VfB-Tischtennis-Herren verlieren gegen Tabellenzweiten

VfB-Tischtennis-Herren verlieren gegen Tabellenzweiten
 HL-Sports (Bild) rk (Text) // www.hlsports.de


Lübeck - Am Freitagabend um 20.00 Uhr kam es in der Sporthalle Paul-Gerhard-Schule zum Verbandsligaspiel der Herren vom VfB Lübeck und dem Tabellenzweiten vom Kaltenkirchener TS. Die Lübecker sind zwar mit einem Sieg am letzen Wochenende gegen den Tabellendritten SC Mittelpunkt Nortorf in die Rückrunde gestartet, belegen aber nach einer mäßigen Vorrunde den neunten Tabellenplatz und sind nur drei Punkte vom Abstieg entfernt.

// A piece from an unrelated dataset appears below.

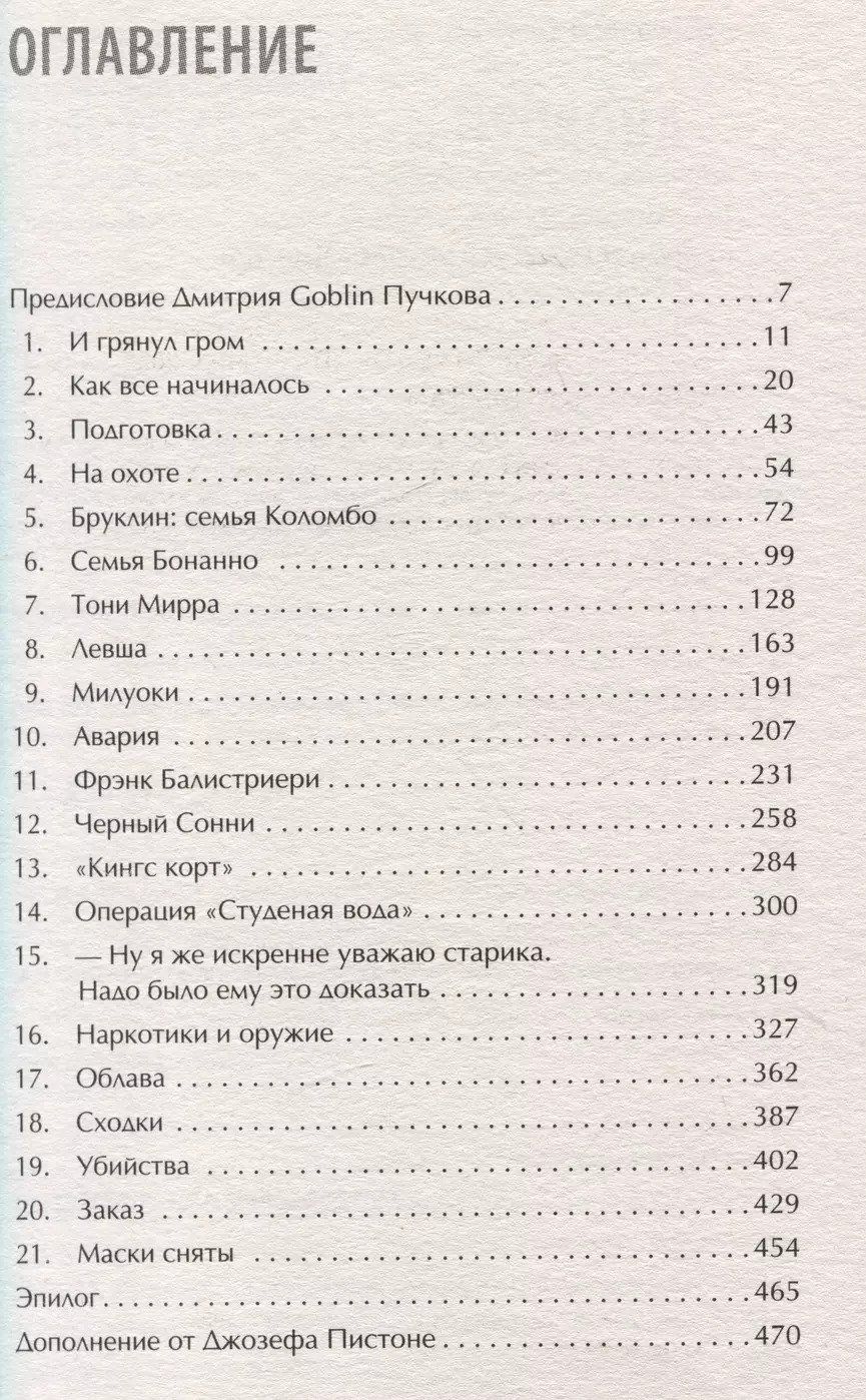 Агент ФБР Джозеф Д. Пистоне, изображающий из себя преступника по имени Донни Браско, провел самую дерзкую операцию в истории ФБР, работая под прикрытием шесть лет, чтобы проникнуть в самые закрытые круги мафии. Теперь его незабываемый рассказ оживляет весь мафиозный мир - их кодекс чести и предательство, их жен, подруг и любовниц, их расточительные траты и грязные дела. Джозеф Пистоне раскрывает все невероятные аспекты ревниво охраняемого мира, в который он проник, и рисует леденящую кровь картину того, что такое мафия, что они делает и что она означает в современной Америке.

Die Grünweißen um Kapitän Stefan Heinacker hatten sich gegen Kaltenkirchen viel vorgenommen und mussten im ersten Doppel eine knappe Niederlage einstecken. Dabei sah es für die Lübecker Manuel Fuchs und Andreas Ringkowski im ersten Satz gegen Tomasz Stuginski und Christof Brüning gut aus. Dieser wurde mit 11:8 gewonnen und schon hier war klar, dass es nicht einfach werden würde. So mussten die beiden an Nummer Eins und Zwei gesetzten VfB-Spieler den zweiten und dritten Satz an die Segeberger mit 7:11 und 9:11 abgeben. Im dritten Satz waren dann Fuchs / Ringkowski wieder dran und glichen mit einem 11:6-Satzsieg zum 2:2 in Sätzen aus. Leider ging der fünfte und entscheidende Satz aber mit 7:11 an Struginski/ Brüning.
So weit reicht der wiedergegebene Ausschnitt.